I'll help you enumerate the ways you can score $17$ points, and let you work out how many ways there are to score $21$ points (or any other amount you are interested in).
If you score $17$ points, you can have scored at most $2$ touchdowns (since $3$ touchdowns would yield at least $18$ points). Let's consider the various cases:
Case A (2 touchdowns scored)
Here, we have to consider the possibility that $0$, $1$, or $2$ of the extra points after the touchdown were converted. If $2$ extra points were converted, that yields $14$ points. Thus, you must kick a field goal to get the remaining $3$ points. Similarly, with $1$ extra point you must convert $2$ safeties and with $0$ extra points, you must convert $1$ safety and $1$ field goal. Using TD, EP, FG, and saf as abbreviations, the three ways to score $17$ points with $2$ touchdowns are:
- $2$ TDs, $2$ EPs, $1$ FG;
- $2$ TDs, $1$ EP, $2$ saf;
- $2$ TDs, $1$ FG, $1$ saf.
Case B (1 touchdown scored)
First, consider the case where you have converted the extra point after the touchdown. This accounts for $7$ points, so you have $10$ remaining points to be distributed among field goals and safeties. If you have $a$ field goals and $b$ safeties, you will score $3a + 2b$ points, so you are trying to solve $3a + 2b = 10$ with $a$ and $b$ both non-negative integers. Since $3a = 10 - 2b$ is an even number, $a$ must be an even number. But $a$ cannot be bigger than $10/3$, so only $a = 0$ (in which case $b = 5$) and $a = 2$ (in which case $b = 2$) work. This gives two more possibilities:
- $1$ TD, $1$ EP, $5$ saf;
- $1$ TD, $1$ EP, $2$ FG, $2$ saf.
You also need to consider if the extra point was not scored after the touchdown.

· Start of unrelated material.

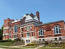 First Baptist is a late 19th-century interpretation of the Romanesque style inspired by Henry Hobson Richardson known as Richardsonian Romanesque. It combines late Victorian polychrome surface areas with a shingle-style roofline treatment. The sanctuary is nearly square in plan and features a very high hipped roof with blind dormers, corner pavilions, and a three-stage tower. The structure was built of red brick and rough stone. It incorporates wide, rounded arch windows in its massive form.[6] They are accompanied by smaller rectangular windows that are grouped in twos and threes. Period stained glass fills the window openings. The corner tower originally had a spire on top. It was removed in the 1950s after it was damaged in a storm.[7] A classroom wing is attached to the sanctuary.
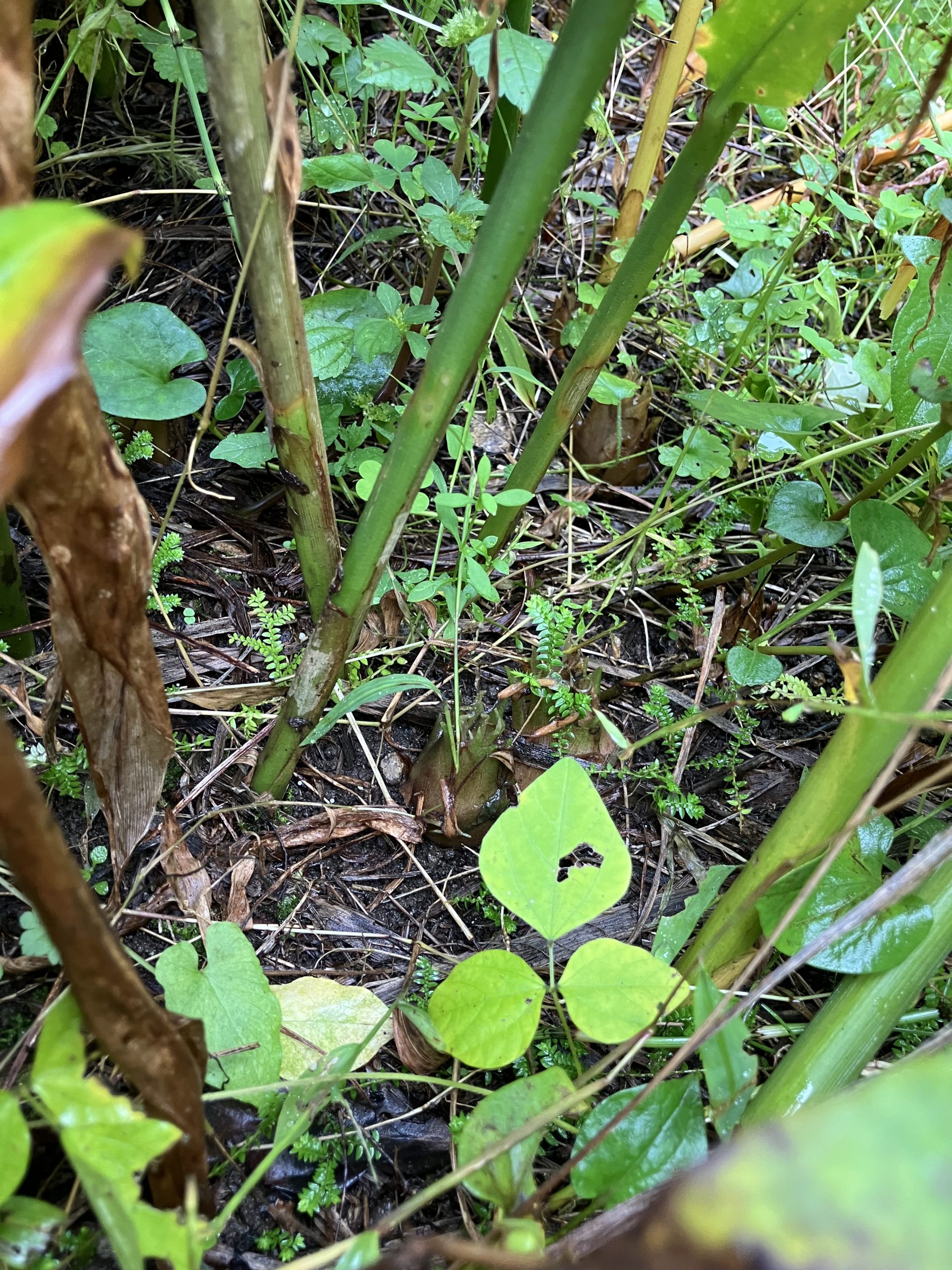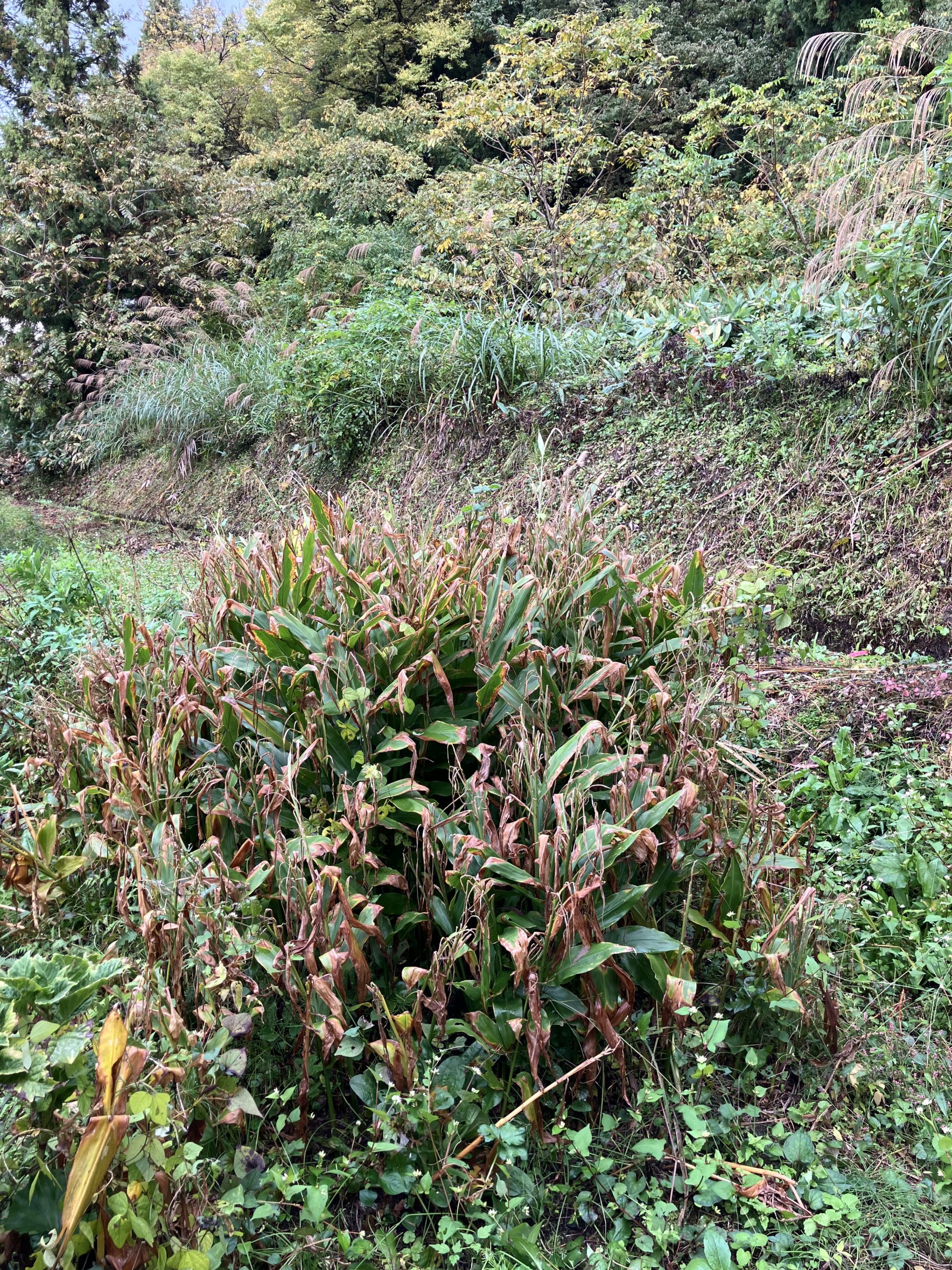 家の裏がすぐに山です。 うっそうとしすぎてどれがミョウガか分かりませんね。

I'll leave that as an exercise for you. The method is similar to the analysis in the previous paragraph.
Case C ($0$ touchdowns scored)
Now you are trying to solve $3a + 2b = 17$, and you can deduce that $a$ must be odd. Only $a = 1$, $3$, and $5$ work, giving you three more possibilities. Again, I'll leave the rest of the analysis for you.